Make an exact transcript of the lines in the data below, starting with the one containing "The map shows" and going on through the one containing "上部のガラス窓までアーチ状の", with both included and the pictures left out.

Items from a dataset:
-- -- --
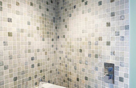 Full family bathroom with bath, overhead shower, wash basin, heated towel rail, and WC.
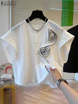 ZANZEA Women Short Sleeve Blouse Speacial Three-D Flowers Blusas 2024 Summer Round Neck Shirt Casual Loose Colorblock Tops Femme
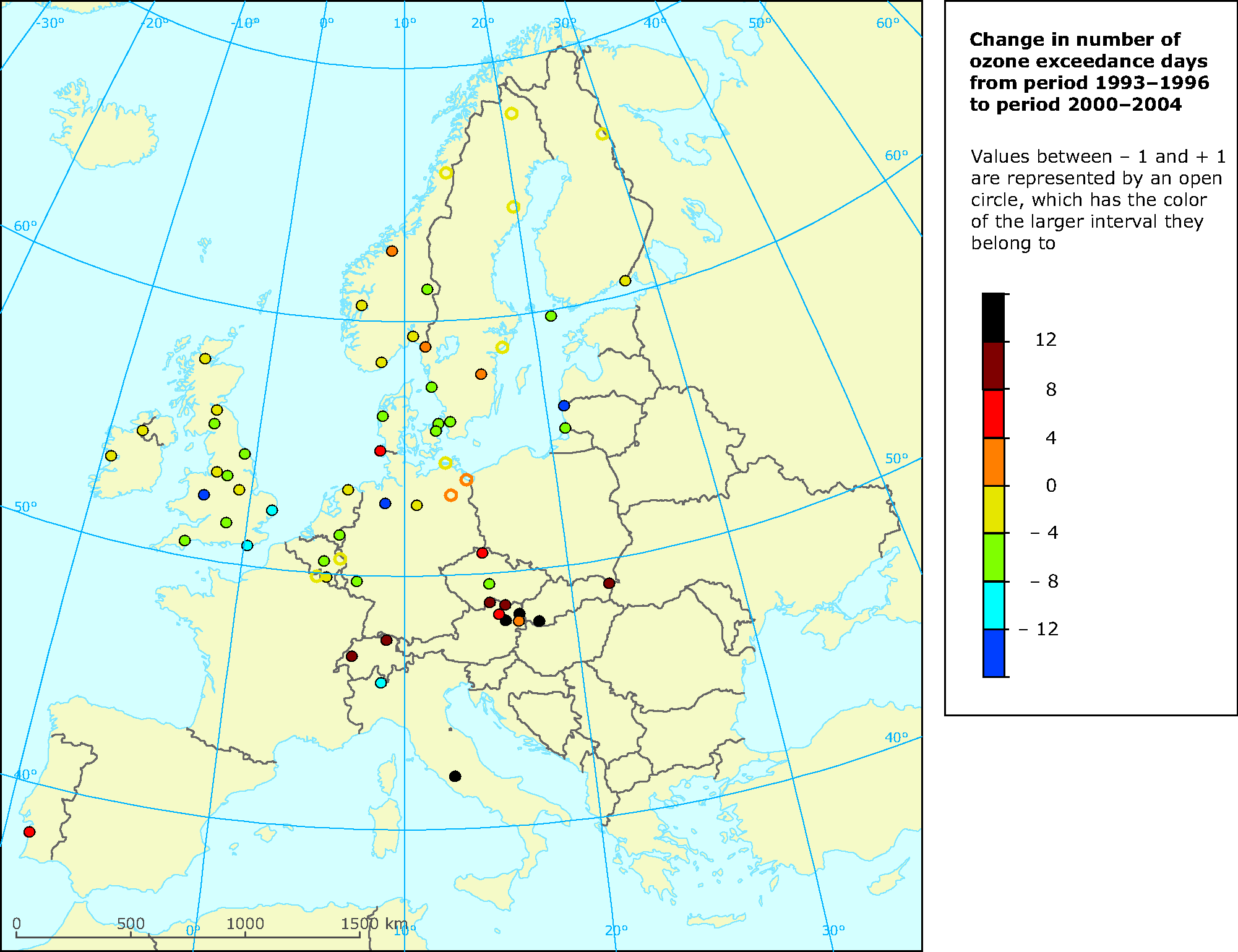 The map shows the change in the average number of ozone exceedence days from April to September observed at regional background stations (EMEP monitoring stations) from the period 1990-1994 to the period 1999-2004, excluding the abnormally warm summer of 2003. A day is counted as an exceedence day when the daily maximal 8-hr-average ozone concentration exceeds 60 ppbV.
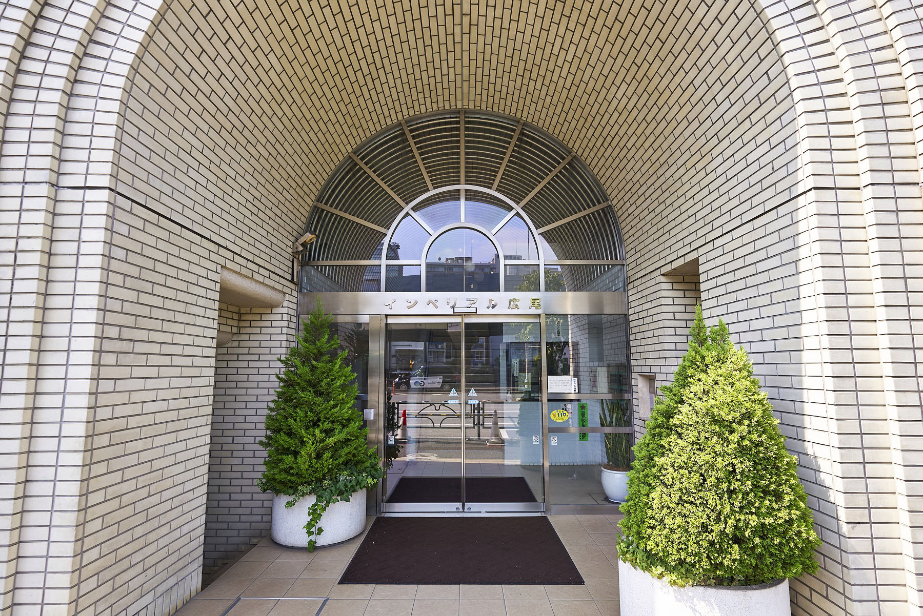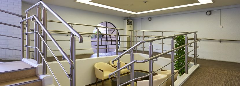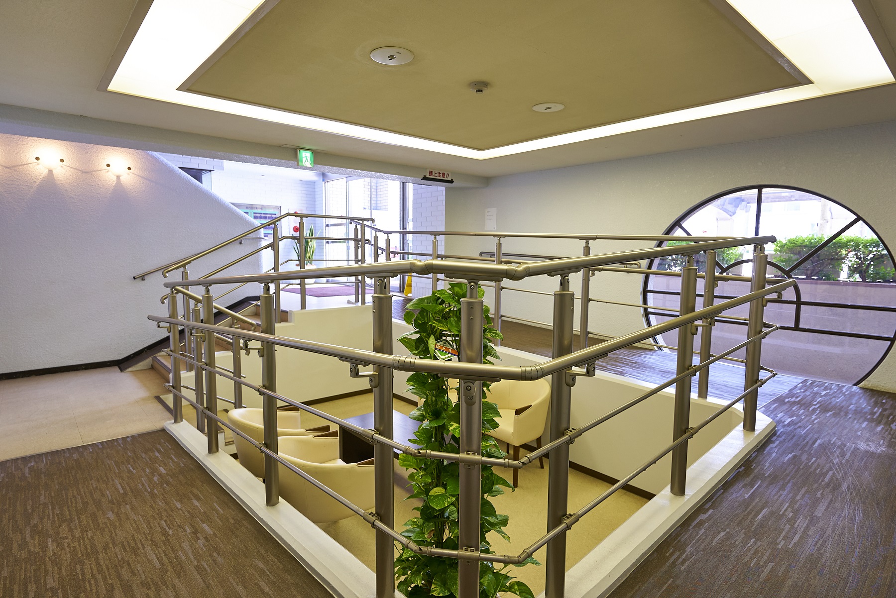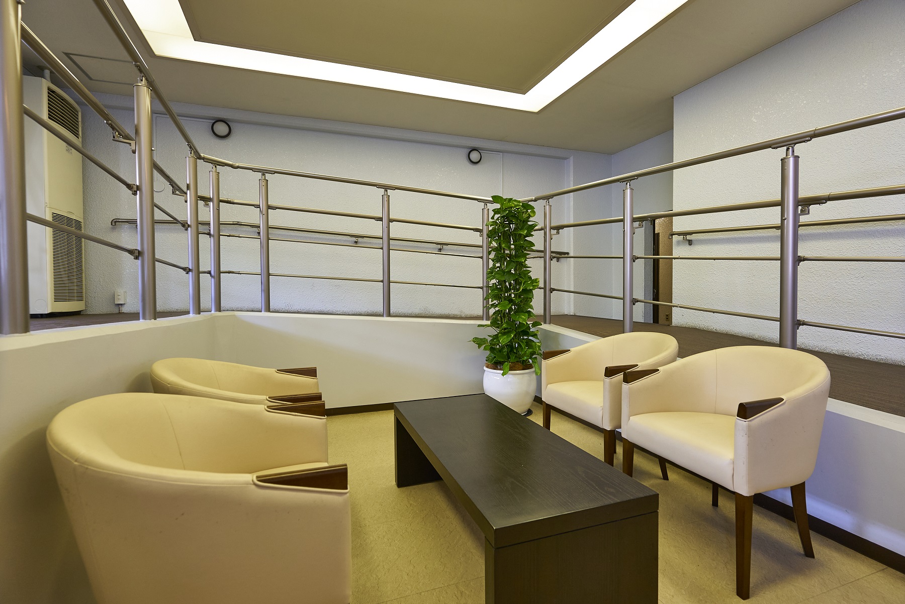 上部のガラス窓までアーチ状の意匠が施された貫禄あるエントランス。アーチは建物内へと続いており、吹き抜けのエントランスホールには瀟洒な照明と、2階へと伸びる階段が設けられています。その横には小さなラウンジを配備。自然光を採り入れる独特なデザインの丸窓やシックな家具が配され、限られたスペースながら落ち着きある空間となっています。
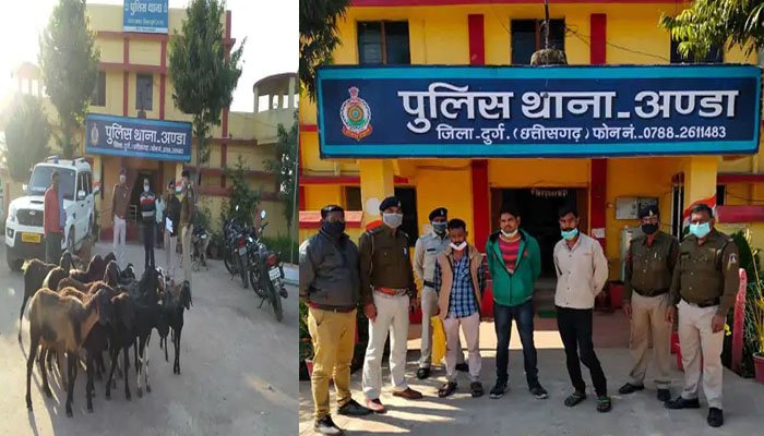 दुर्ग। दुर्ग पुलिस ने बकरी चोर गिरोह का पर्दाफाश कर तीन आरोपियों को गिरफ्तार किया है। आरोपियों के कब्जे से 32 भेड़ और बकरी बरामद हुई है। इन्हें कबीरधाम और दुर्ग जिले के पाटन से चोरी किया था। गिरोह के सरगना भगवान दास जोशी उर्फ खरगोश 23 वर्ष ने बताया कि वह कई सालों से बकरी चोरी करने का काम करते आ रहे हैं।आरोपी ने बताया की अब तक कई हजार भेड़ और बकरी चोरी कर उन्हें बेचा है। वह लोग हर दिन बकरा पार्टी करते थे और पिछले दो सालों में एक हजार से अधिक बकरा खा चुके हैं। अंडा थाना प्रभारी श्रुति सिंह ने बताया कि ग्राम निकुम में से आए दिन बकरी चोरी होने की शिकायत मिल रही थी। आरोपियों को पकड़ने के लिए पुलिस ने मुखबिर को अलर्ट किया। 17-18 जनवरी की दरमियानी रात जब पुलिस गश्त पर थी तो उन्हें जानकारी मिली कि पुरानी बस्ती निकुम से फिर कुछ लोगों ने 13 भेड़ व 1 बकरी को चोरी कर लिया है। पुलिस ने आरोपियों को पकड़ने के लिए क्षेत्र के आसपास के सैकड़ों सीसीटीवी फुटेज को खंगाला। पुलिस को मुखबिर से सूचना मिली कि भिलाई नगर रेलवे स्टेशन के पास रहने वाले आरोपी खरगोश अपने 2 साथियों के साथ मिलकर बकरियों के बेचने के लिए ग्राहक तलाश रहा है। पुलिस ने तीनों आरोपियों को हिरासत में लिया। पूछताछ में उन्होंने अलग-अलग जिलों से बकरी चोरी करना स्वीकार किया। पुलिस ने तीनों आरोपी भिलाई नगर निवासी अरुण कुमार, भगवान दास जोशी उर्फ खरगोश और मोहम्मद इशाक को गिरफ्तार कर न्यायिक हिरासत में भेज दिया है।
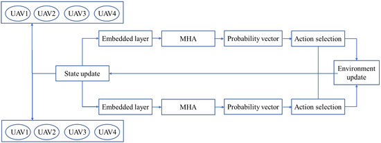 As each route state selection of distribution drone is not continuous but discrete, we should build a mathematical model for the random state transfer, discrete traveling state, and action selection mechanism of drones according to reinforcement learning. First, the multi-agent reinforcement learning form of MDVRP is defined; second, a strategy network based on the encoder–decoder structure is designed, and the network model is trained by the strategy gradient reinforcement learning method; third, different action selection strategies and search strategies are adopted to obtain higher-quality solutions.
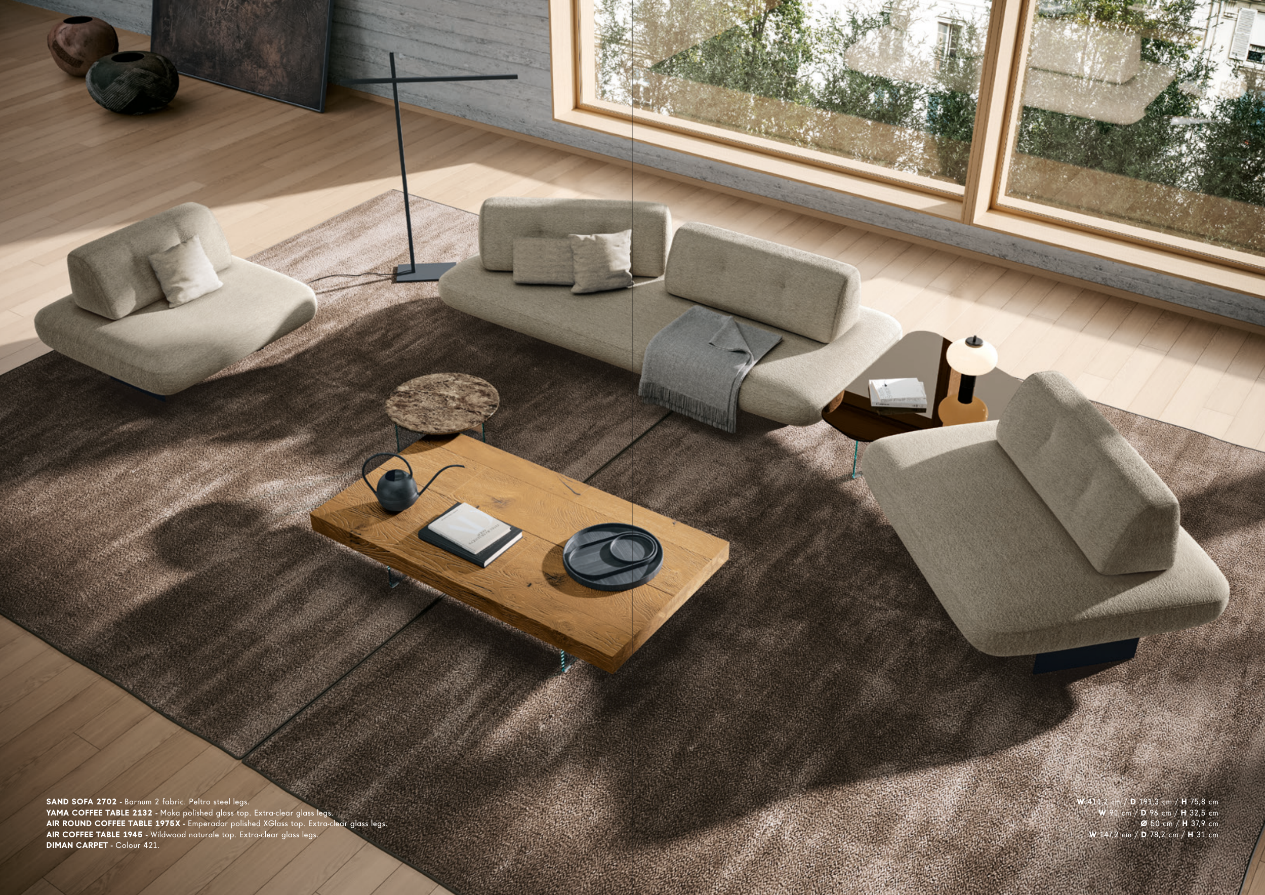 SAND SOFA 2702 - Barnum 2 fabric. Peltro steel legs.
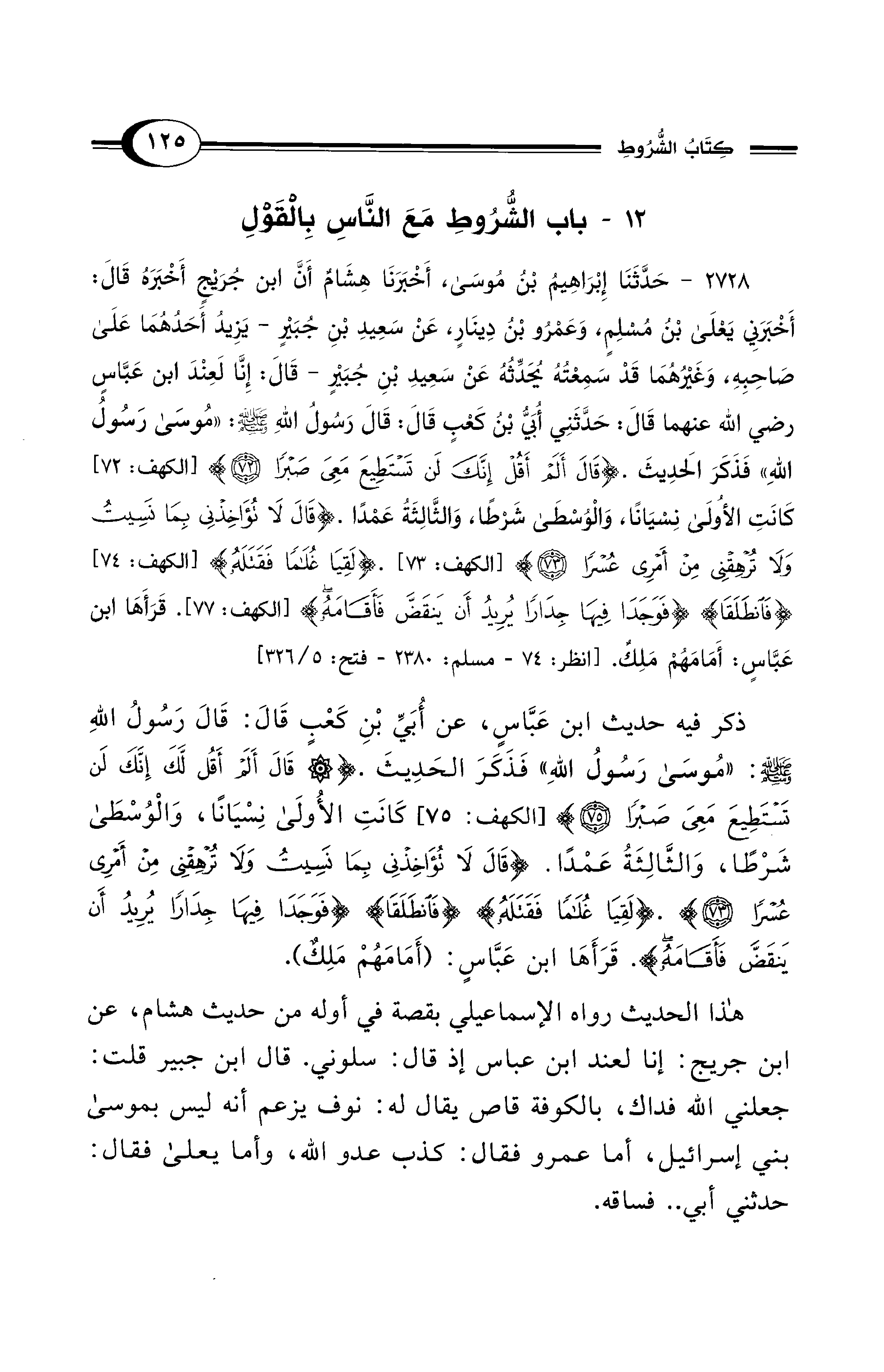 2728 - حَدَّثَنَا إِبْرَاهِيمُ بْنُ مُوسَى، أَخْبَرَنَا هِشَامٌ أَنَّ ابْنَ جُرَيْجٍ أَخْبَرَهُ قَالَ: أَخْبَرَنِي يَعْلَى بْنُ مُسْلِمٍ، وَعَمْرُو بْنُ دِينَارٍ، عَنْ سَعِيدِ بْنِ جُبَيْرٍ -يَزِيدُ أَحَدُهُمَا عَلَى صَاحِبِهِ، وَغَيْرُهُمَا قَدْ سَمِعْتُهُ يُحَدِّثُهُ عَنْ سَعِيدِ بْنِ جُبَيْرٍ- قَالَ: إِنَّا لَعِنْدَ ابْنِ عَبَّاسٍ رضي الله عنهما قَالَ: حَدَّثَنِي أُبَيُّ بْنُ كَعْبٍ قَالَ: قَالَ رَسُولُ اللهِ - صلى الله عليه وسلم -: "مُوسَى رَسُولُ اللهِ" فَذَكَرَ الحَدِيثَ. {قَالَ أَلَمْ أَقُلْ إِنَّكَ لَنْ تَسْتَطِيعَ مَعِىَ صَبْرًا (72)} [الكهف: 72] كَانَتِ الأُولَى نِسْيَانًا، وَالوُسْطَى شَرْطًا، وَالثَّالِثَةُ عَمْدًا {قَالَ لَا تُؤَاخِذْنِى بِمَا نَسِيتُ وَلَا تُرْهِقْنِى مِنْ أَمْرِى عُسْرًا (73)} [الكهف: 73]. {لَقِيَا غُلاَمًا فَقَتَلَهُ} [الكهف: 74] {فَانْطَلَقَا} {فَوَجَدَا جِدَارًا يُرِيدُ أَنْ يَنْقَضَّ فَأَقَامَهُ} [الكهف: 74]. قَرَأَهَا ابْنُ عَبَّاسٍ: أَمَامَهُمْ مَلِكٌ. [انظر: 74 - مسلم: 2380 - فتح: 5/ 326]
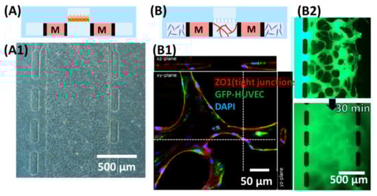 Demonstration of individual culturing chambers. (A) Culturing the human retinal pigmental epithelial cell (ARPE-19) monolayer in the upper channel. (A1) Microscopic view focusing on the upper channel, showing monolayer of ARPE. (B) Formation of microvascular lumens in the lower channels. “M” (medium channels) corresponded to * (lower channel) in Figure 1A. (B1) Confocal microscopic image staining for zonula occludens-1 (ZO1) and 4′,6-diamidino-2-phenylindole (DAPI). (B2) Snapshots taken after loading 70 kDa of FITC-dextran into one side of the lower channel immediately (top) and 30 min after (bottom).
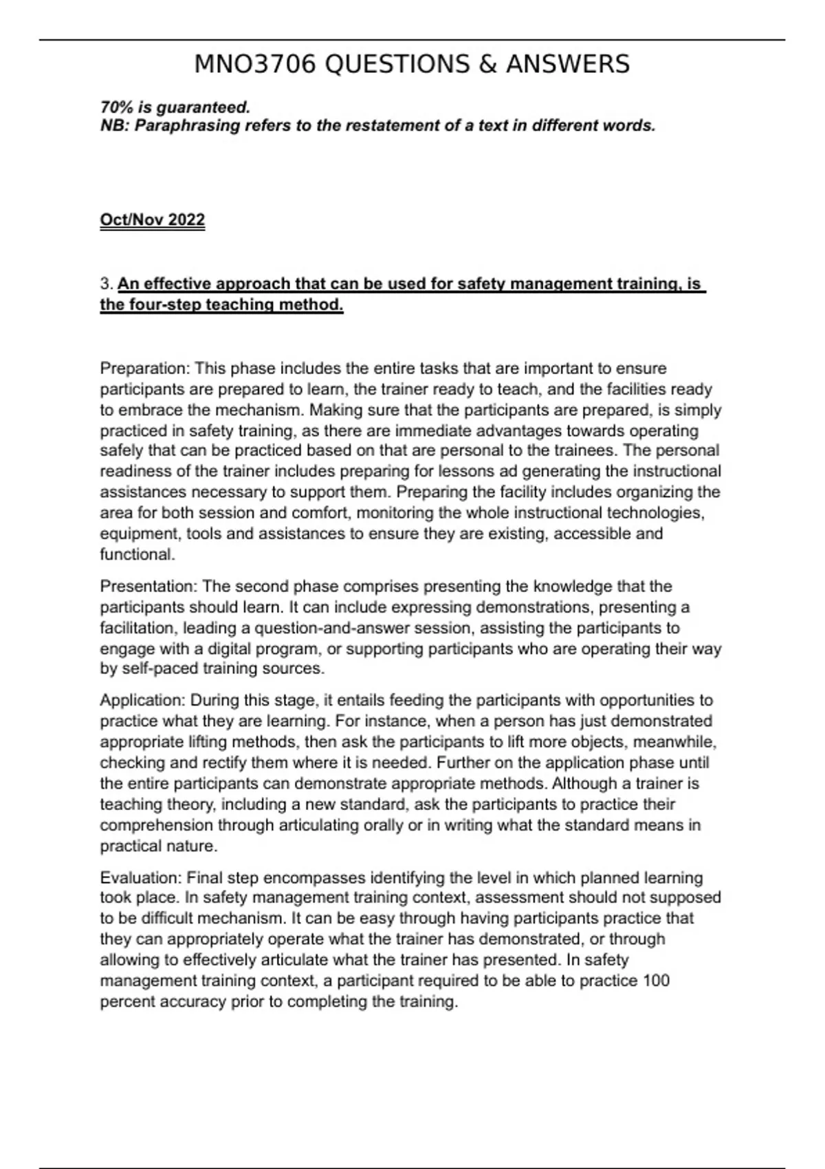 MNO3706 QUESTIONS & ANSWERS
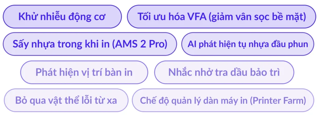 Sử dụng vòi phun kép: Cho phép in tối đa lên đến 25 màu khi kết hợp với cấu hình AMS tối đa.
-- -- --
--- OUTPUT FOR THIS TASK ---
 The map shows the change in the average number of ozone exceedence days from April to September observed at regional background stations (EMEP monitoring stations) from the period 1990-1994 to the period 1999-2004, excluding the abnormally warm summer of 2003. A day is counted as an exceedence day when the daily maximal 8-hr-average ozone concentration exceeds 60 ppbV.
 上部のガラス窓までアーチ状の意匠が施された貫禄あるエントランス。アーチは建物内へと続いており、吹き抜けのエントランスホールには瀟洒な照明と、2階へと伸びる階段が設けられています。その横には小さなラウンジを配備。自然光を採り入れる独特なデザインの丸窓やシックな家具が配され、限られたスペースながら落ち着きある空間となっています。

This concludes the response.